Although the city so far has failed to attract a major league sports team, it counts among its manufacturing base the Hillerich & Bradsby factory, which makes the legendary Louisville Slugger. So it's appropriate that the city is currently going wild over the Valley Sports American Little League team, the hometown team that defeated Japan to win the Little League World Series last month.
ICN 8, Insight's local origination channel in Louisville, is big on covering local sports, and the newly crowned Little League champions could be a boon for the channel. ESPN's Little League broadcast regularly draws high single-digit ratings, and Graff is in negotiations with ESPN to rebroadcast the last four games in the series.

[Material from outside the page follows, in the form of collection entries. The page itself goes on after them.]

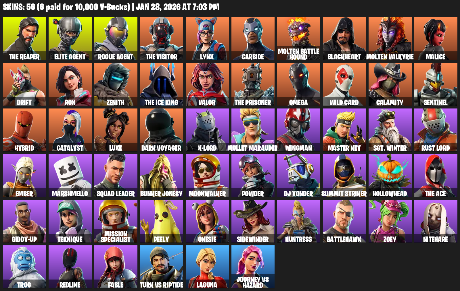 [PC/PSN] | 56 skins | Take The L | The Reaper | Elite Agent | Omega | Rogue Agent | The Visitor | Lynx | Carbide | Molten Battle Hound | #XWJ6830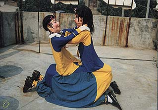 河南民间舞蹈——二鬼摔跤,又称“二鬼扳跌”,传统的民间舞蹈节目,由单人进行表演。演员穿上特制的服装,模仿两个小鬼摔跤的动作。其表演可在舞台上,也可以在场地上进行,有的还在桌子上进行。用木头刻绘成两个鬼头,钉上两顶帽子,衣服有两个棉袄外套、两个大褂,衣服内钉上用木板做的肩和腿。板四角4根绳子,前两根系于演员腰部。演员两只手拿板,板上安有假脚和鞋子,上肢四臂是假的,抱着不动,下肢四腿是演员的两腿和两臂。舞蹈的制作十分巧妙,动作幽默诙谐,逗人发笑,很受群众欢迎。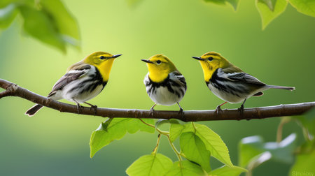 Vibrant warbler perched among blooming dogwood blossoms in springtime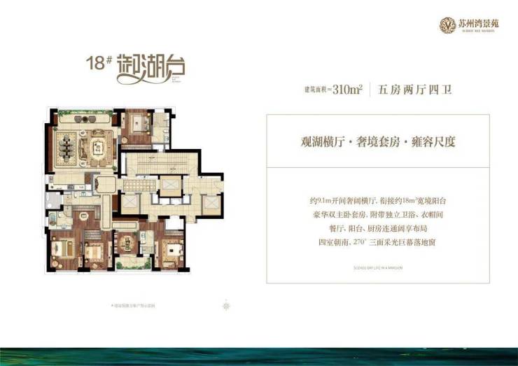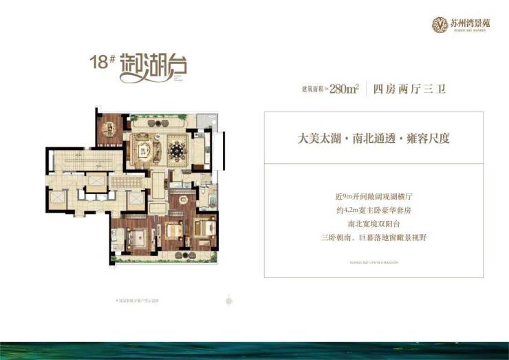 主力户型为约280-390㎡苏州湾绝版湖景平墅,入住人群均为高净值人群,户型由从业40年经验,15次国际大奖国际大师梁志天设计,户内层高3.45米,超大开阔客厅/套房,南北动静分离,洄游客厅+餐厨互动,双阳台最大化观湖大横厅,270度全景落地窗让湖景和城市景观如画卷。

Pursuing its strategy of geographic concentration - Insight's 1.4 million customers are clustered in Indiana, Illinois, Kentucky and Ohio - Insight scooped up its 50% interest in Louisville and Kentucky's three other major markets, Lexington, Bowling Green and Covington, in October 1999 for just under $1.1 billion. (AT&T Broadband still owns the remaining 50%, but Insight manages the systems.) Prior to Insight's acquisition, the system either flipped or was sold every couple of years, with a list of owners including Storer Cable, TCI and Intermedia Capital Partners. Morale among employees, who were dispersed among nine buildings throughout the city, was low, to put it mildly.
The turnover in ownership prevented previous owners from investing in people, products and the cable plant, says Kim Kelly, president of Insight, the ninth-largest MSO and the largest in both Indiana and Kentucky. As a result, the system's product was overpriced, and not up to par. One employee told Kelly that she used to take off her employee badge when she went into the local Kroger's market so she wouldn't have to hear customer complaints.

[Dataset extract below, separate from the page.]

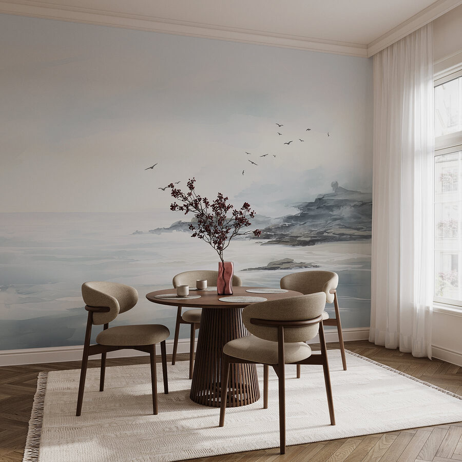 Transformați orice cameră cu această pictură murală încântătoare, “Păsări zburând deasupra unei plaje stâncoase”. Imaginați-vă că vă treziți cu nuanțele blânde ale oceanului și cu aceste păsări de vis care navighează pe cer. Este ca o mini-vacanță chiar pe peretele tău! Culorile blânde creează o atmosferă liniștitoare, perfectă pentru un spațiu de locuit răcoros sau un dormitor liniștit.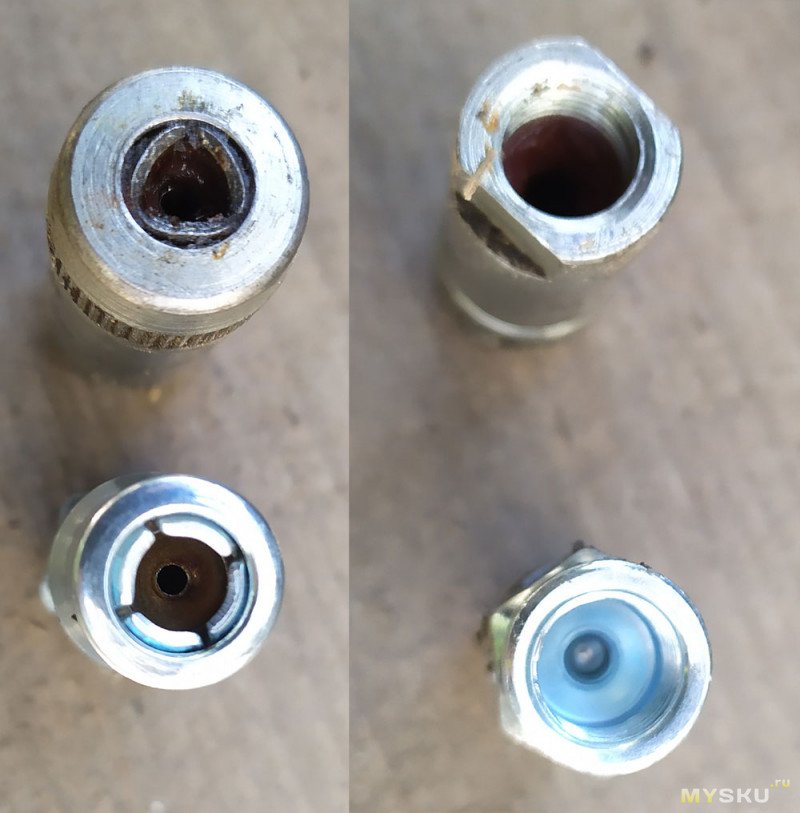 В наконечнике имеется клапан- подпружиненный шарик.Вверху старая насадка, внизу новая

Enter Gregg Graff, a cable veteran whose career includes stints at Continental Cablevision and Paragon Cable. Graff's charge in Louisville was daunting: to complete the network rebuild and to launch a suite of new services, including digital telephone. Another challenge was more immediate - to galvanize the 700-plus employees who'd nearly given up on the notion that their company might get its act together.

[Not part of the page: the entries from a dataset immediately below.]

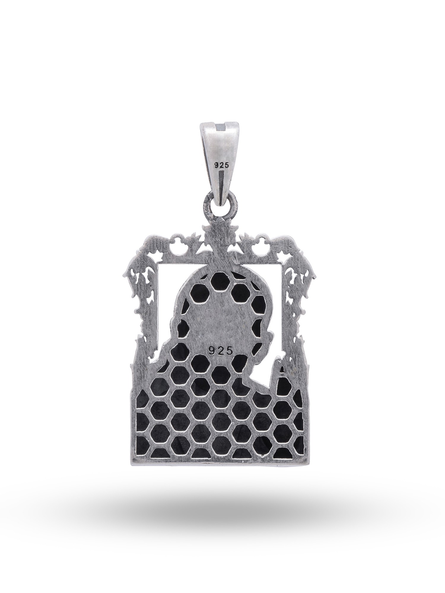 This pendant is more than just a beautiful object; it's a testament to the skill and artistry of its creator. The intricate details of the frame surrounding the central figure showcase the dedication to producing a high-quality piece. The delicate curves and embellishments of the frame, combined with the serene depiction of the central figure, create a harmonious balance between aesthetic appeal and spiritual significance. Its versatile design makes it suitable for both casual and formal wear, making it a valuable addition to any jewelry collection.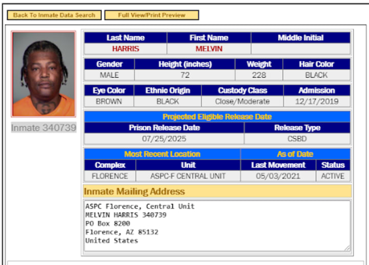 Harris is currently housed at ASPC Florence in Florence, Arizona. He has a projected prison release date of 7/25/2025.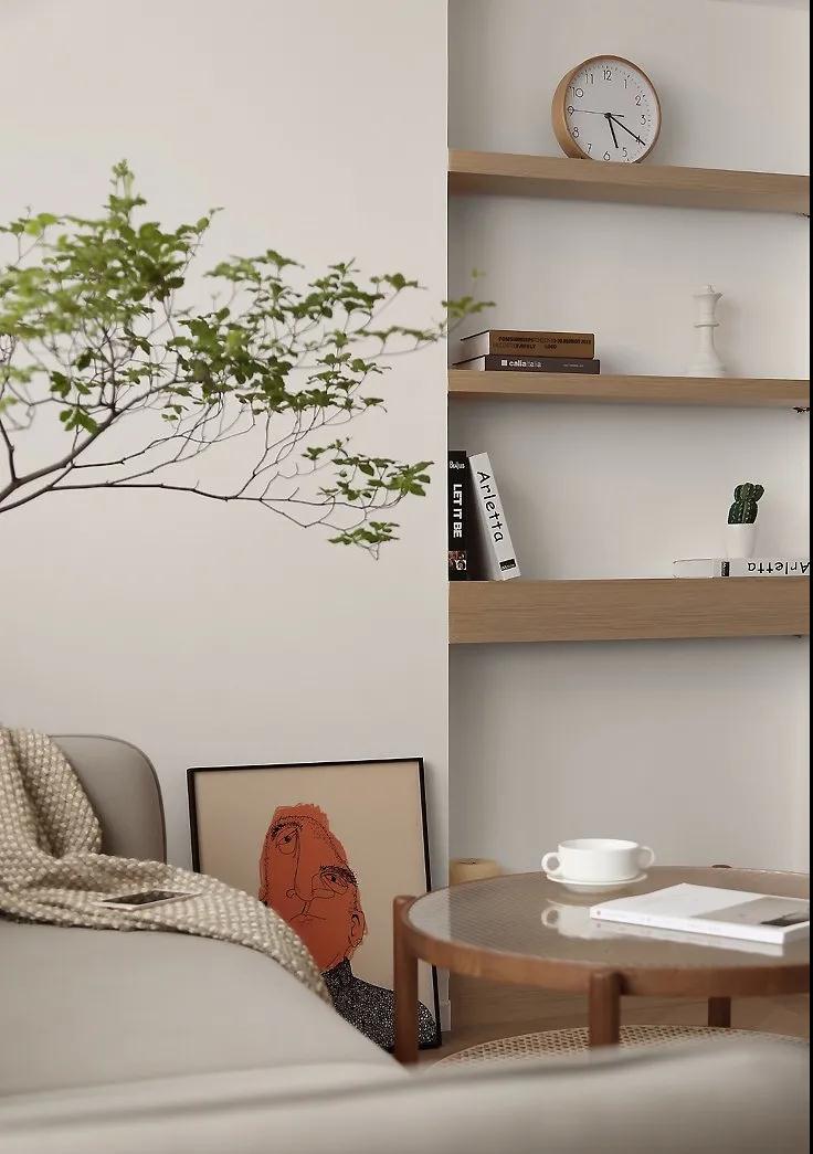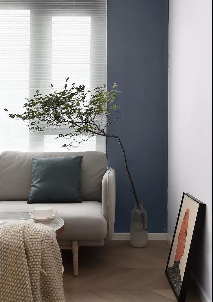 客廳的一角擺放上一枝綠植給自然的空間添加了一份綠色清新感,旁邊放上一幅橘色調的畫,以暖色增添空間的溫馨感。

"We had been through so many swinging doors that there was a lot of apprehension," says Reba Doutrick, Insight's regional community relations manager. "Insight came in and talked about a no-layoffs policy, and immediately there was a collective sigh of relief."
Graff says the skepticism was palpable the first time he gathered the group together and told them Insight was here to stay and would be building not only the system but also a new headquarters. Getting all the employees situated in one location was a top priority; late last year, the new HQ was up and running.
"No matter how many times we said we were not here to flip, the building was tangible evidence that we were willing to invest in the system," says Kelly.
The new space also has had an impact on the operation itself. Close to 30,000 square feet of the 89,000 square-foot facility is call center space. Whereas before Graff was able to get to the call center once or twice a week, now his office and the call center are on the same floor. "You can immediately get people together to troubleshoot," he says, adding that it's far easier to stay in tune with the operation.
With customer service and techs more easily trained and deployed from one central location, it's easier for the system to focus on its major strategic initiative: selling a bundled package of video, high-speed-data and telephone service. Eighty percent of new customers are taking a digital package, and, systemwide, 23% of new Insight customers are taking a bundle.
"We're seeing the numbers of customers taking two or three services from us continuing to rise every week," Graff says. "We know we're going in the right direction." Overall, Insight has its sights set on 50% digital penetration companywide in three years and 30% penetration of telephony and data services.